問答無用の積極策が功を奏した。朝から降り続く雨の中、この日の船橋競馬は“先行馬の天国”と化していた。川須&松下師コンビの作戦は決まっていた。「この馬が一番速い。スッと行けるなら行こう!」。
抜群のスタートから、同型馬に有無を言わさずの徹底先行。終始セーフティーリードを保ちながら直線へ。2馬身半差の完勝に、鞍上は「ラスト400メートルからは馬に“あと400だよ”と伝えながら追いました。200メートルを過ぎても後ろの蹄音が聞こえなかったので、たぶん離れているんだろうなと思って。強いところを見せることができて良かったです」とスタンドからの大歓声に応えた。
デビュー戦からコンビを組んできた思い入れのあるパートナー。Jpn3ではコンビで4勝をマークしていたが、自身にとってもデビュー15年目にして初の
ビッグタイトル。馬上で大きく立ち上がる、ド派手な
ガッツポーズで喜びを爆発させた。「雨も味方してくれた。先生と勝つつもりで来たので勝てて良かった。夢のよう」と笑みがはじけた。
5走前の
さきたま杯では1番人気に支持されながら競走中止の悪夢。そこからリズムを崩したが、前走の
黒船賞を連覇して復活の兆し。「紆余(うよ)曲折ありましたが、ホントに勝てて良かった」とは松下師。19年
阪神JFの
レシステンシアで芝のG1は制しているが、ダート
グレードは初の戴冠。「天も味方してくれましたね。(直線も安心して?)ドキドキでしたよ」と笑いが止まらない。
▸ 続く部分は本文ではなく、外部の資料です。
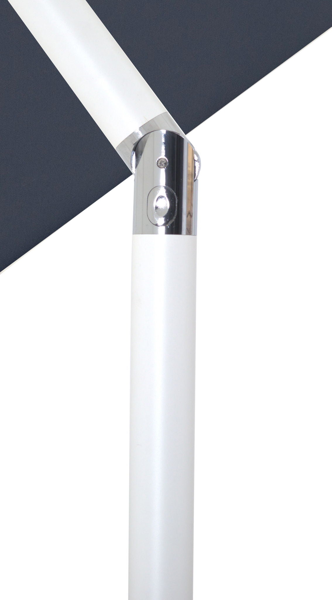 Bask in the shade wherever it's needed when you bring home this Fiji fabric and matte white aluminum patio umbrella. This ingenious umbrella can be used as a standalone umbrella on a deck or patio - or add it to your choice of table for a sturdy solution for hiding from the sun's rays. The aluminum pole weathers the elements like a champ, and the umbrella is crafted from water-resistant fabric for a beautiful, lasting look.

次走は「オーナーと相談して」今年からJpn1に昇格した因縁の、
さきたま杯(6月19日・浦和)でのリベンジが濃厚。秋はJBC(11月4日・佐賀)挑戦と再び夢が広がった。「これで賞金も加算できたので、どこでも使えますね」。完全復活なった実力馬が、再びダート短距離戦線での大暴れを誓った。